Yeah. The earlier generations were basically defined by large leaps in multiple areas, simultaneously.
Node shrinks were still huge leaps just by themselves. Moore's Law was fully active in the 80s, if you did nothing but ride the node shrink you could expect performance doubling every 18 months.
But we were also still coming up with new ideas and architectures at a crazy rate. There was money and research pouring into a new space - real time graphics - but also the personal computer explosion was still pushing CPU architectures forward.

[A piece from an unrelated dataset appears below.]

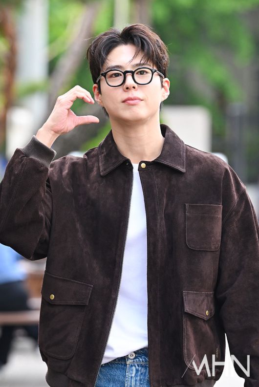 이날 박보검이 출근길에서 포토타임을 갖고 있다.

And we were still learning software techniques too. There is a reason that you seemed to have generational leaps
within the generation. The software side of real time graphics was still being learned and developed. You can see that with the guy who has been rebuilding
Super Mario 64 using modern techniques. He's pushing vastly more frames and polygons than the original game, on original hardware, just by applying 25 years of software know-how to the thing.
These things were not just additive, they were multiplicative. More transistors meant more room for crazy new hardware designs, which fueled new experimentation with software techniques, which informed the next generation of hardware designs.
That's where this meme of "learning the hardware" comes from. There are still little tricks and optimizations buried inside each console, but for the most part, there isn't the big leaps in software techniques happening over the course of the generation.
Now we live in an era where the movie and television industry (see: Pixar) has already figured out the next generation of software techniques, because they can throw more and more hardware at the problem, and they use the same tools as the game industry (see: Unreal). It's just waiting for the hardware to catch up, and the hardware is limited by node shrinks.
If we still had Moore's Law era shrinks, we'd be into real time path tracing on consoles already. Just as we got rid of 2D acceleration hardware, we'd get rid of current 3D hardware, and just reimplement the visuals (or even emulate it) on top of a GPU made entirely of ray tracing cores. We know how to do it software wise, we even have pretty good architecture designs, there just isn't enough transistors to put it in a device that fits in a computer, much less under your TV.